- **ACTION ITEM**
Write out each line below precisely, passing over the pictures.

- **RAW DATA**
━━━━━━
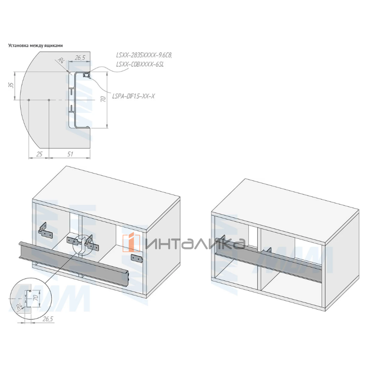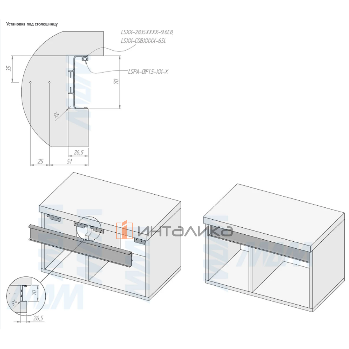 • один профиль - горизонтальная установка под столешницу, вертикальная установка в колонну; горизонтальная установка между ящиками нижнего яруса, вертикальная установка между колоннами;
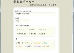 パソコン 相田みつを風の手書き画像 相田みつを風など、 手書きフォント画像を、つくってくれるサービス 「手書きメーカー」 「手書きフリーフォントを使えばいい」と思ってしまいますが、 「みつを風」というフリーフォントは、見つけられませんでした。 このサービスなら、画像としてです... 2012.12.28 パソコン
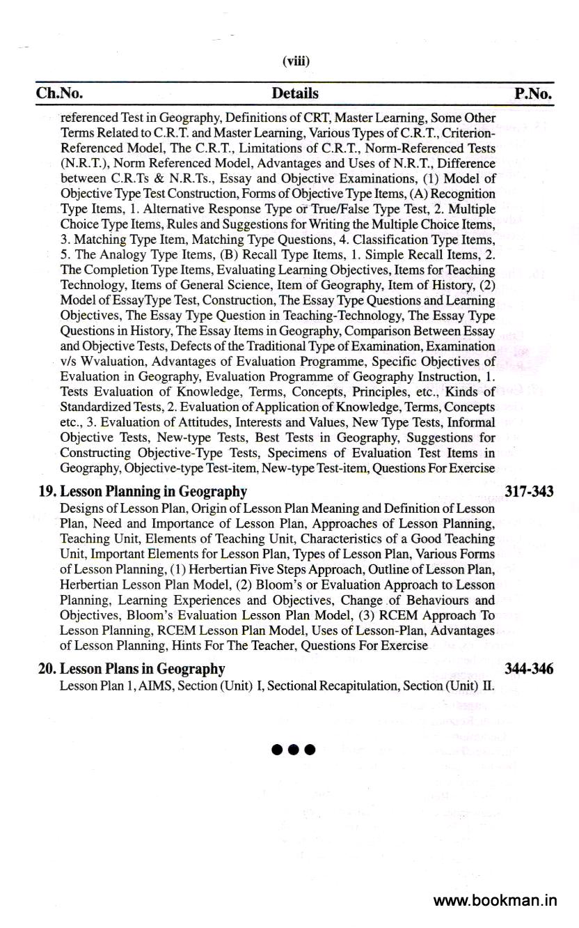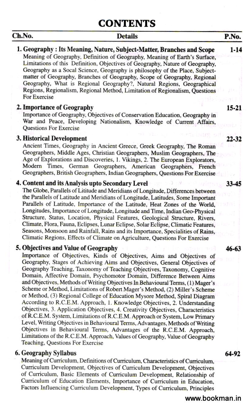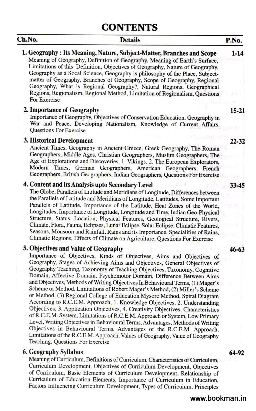 Beginning with the narration of the Historical Development of Geography teaching and ending with Lesson Plans in Geography for the guidance of future teachers. This book contains chapters on Meaning, Nature, subject matter, Branches and Scope of Geography, Importance of Geography; Content and its analysis up to the Secondary level; Objectives and value of Geography, Geography syllabus; Methods of Teaching Geography; Audio-Visual Aids; Geography Room; Geography Museum; Geography Club, Utilizing Current Events in Geography Teaching; Utilizing Library Resources; International Understanding through Geography; Geography Text- Book; The Geography Teacher, Correlation with other Subjets; Evaluation in Geography; New Type Tests and Lesson Planning in Geography.
━━━━━━
- **RESULT FOR THIS EXERCISE**
 • один профиль - горизонтальная установка под столешницу, вертикальная установка в колонну; горизонтальная установка между ящиками нижнего яруса, вертикальная установка между колоннами;
 パソコン 相田みつを風の手書き画像 相田みつを風など、 手書きフォント画像を、つくってくれるサービス 「手書きメーカー」 「手書きフリーフォントを使えばいい」と思ってしまいますが、 「みつを風」というフリーフォントは、見つけられませんでした。 このサービスなら、画像としてです... 2012.12.28 パソコン
 Beginning with the narration of the Historical Development of Geography teaching and ending with Lesson Plans in Geography for the guidance of future teachers. This book contains chapters on Meaning, Nature, subject matter, Branches and Scope of Geography, Importance of Geography; Content and its analysis up to the Secondary level; Objectives and value of Geography, Geography syllabus; Methods of Teaching Geography; Audio-Visual Aids; Geography Room; Geography Museum; Geography Club, Utilizing Current Events in Geography Teaching; Utilizing Library Resources; International Understanding through Geography; Geography Text- Book; The Geography Teacher, Correlation with other Subjets; Evaluation in Geography; New Type Tests and Lesson Planning in Geography.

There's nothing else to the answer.